Wednesday, September 20

Body hair

First of all, an article about Baidu that relates to last week's post about censorship. It appears that Baidu is doing really well, which certainly couldn't please the Chinese government more. This is perhaps the latest type of censorship in China, but it's certainly not the first. Emperors from the beginning of time burned books and killed writers with whom they disagreed. Mao liked to bait traps, like in the Hundred Flowers Campaign when he asked for suggestions and got rid of anyone who made one. And of course, there was the Cultural Revolution.

This week I'm supposed to be writing about Mao. Some other sites have had retrospectives over the past two weeks. Interestingly enough, there has not been a major retrospective from out of China. Perhaps this is related to the initiative to take Mao out of the history books! In fact, in the years after his death, the high cadres decided that Mao had been "70% right and 30% wrong" and considered the book closed. More specifics were left out: most Chinese under fourty continue to revere Mao without knowing much of anything about him.

It is difficult to assess Mao's legacy. As a revolutionary, he was a great, a genius, and generally improved the plight of everyday Chinese. In Communist areas before the full takeover in 1949 and for some time thereafter, the Party redistributed land, largely ended child slavery and opium abuse, instituted more equal rights for women, schools and basic healthcare. As a leader, Mao presided over massive crackdowns like the Hundred Flowers and the Cultural Revolution, as well as the greatest famine in human history (and one that probably could have been avoided). And if you look at China today, it bears little resemblance to the socialist paradise that Mao aimed at creating.

You might say (as many have before you) that Mao was Lenin and Stalin rolled into one. The question this raises is how Lenin would have ruled had he lived. There are indications that Lenin would have been more of an internationalist, more of a moderate and less of a tyrant.
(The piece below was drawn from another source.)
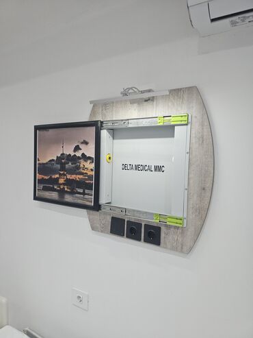 - Divara bərkidilən dekor panel üzərində quraşdırma; üst hissədə inteqrə LED işıqlandırma.

There are also indications that Lenin would have been every bit as ruthless as Stalin. Different times call for different leaders. And you know what they say about power.

While it is true that Mao was a theorist and a true revolutionary in his youth and a vicious tyrant at the end, and probably made some poor judgements in between, this comparison suppreses another aspect of Mao's legacy we should look at. Mao was a nationalist every bit as much as he was a socialist (please note the lower case, I do not mean that Mao was a Nationalist as much as he was a Communist in terms of party affiliation [i.e. guomindang a.k.a. KMT] although he, like all early Communists, was a Nationalist early on). There is a big division between the international communists and the national communists. No major internationalist socialist has ever lead a Communist country. True, the USSR (sucessfully) sponsored Communists in Korea, Eastern Europe, China (sortof), Southeast Asia and Cuba (who in turn sponsored unsucessful Communists elsewhere in Latin America and Africa) and unsucessfully elswhere. But this was largely out of nessessity and a very national rivalry with the US. Real internationalists like Trotsky never came fully to power and probably never could have.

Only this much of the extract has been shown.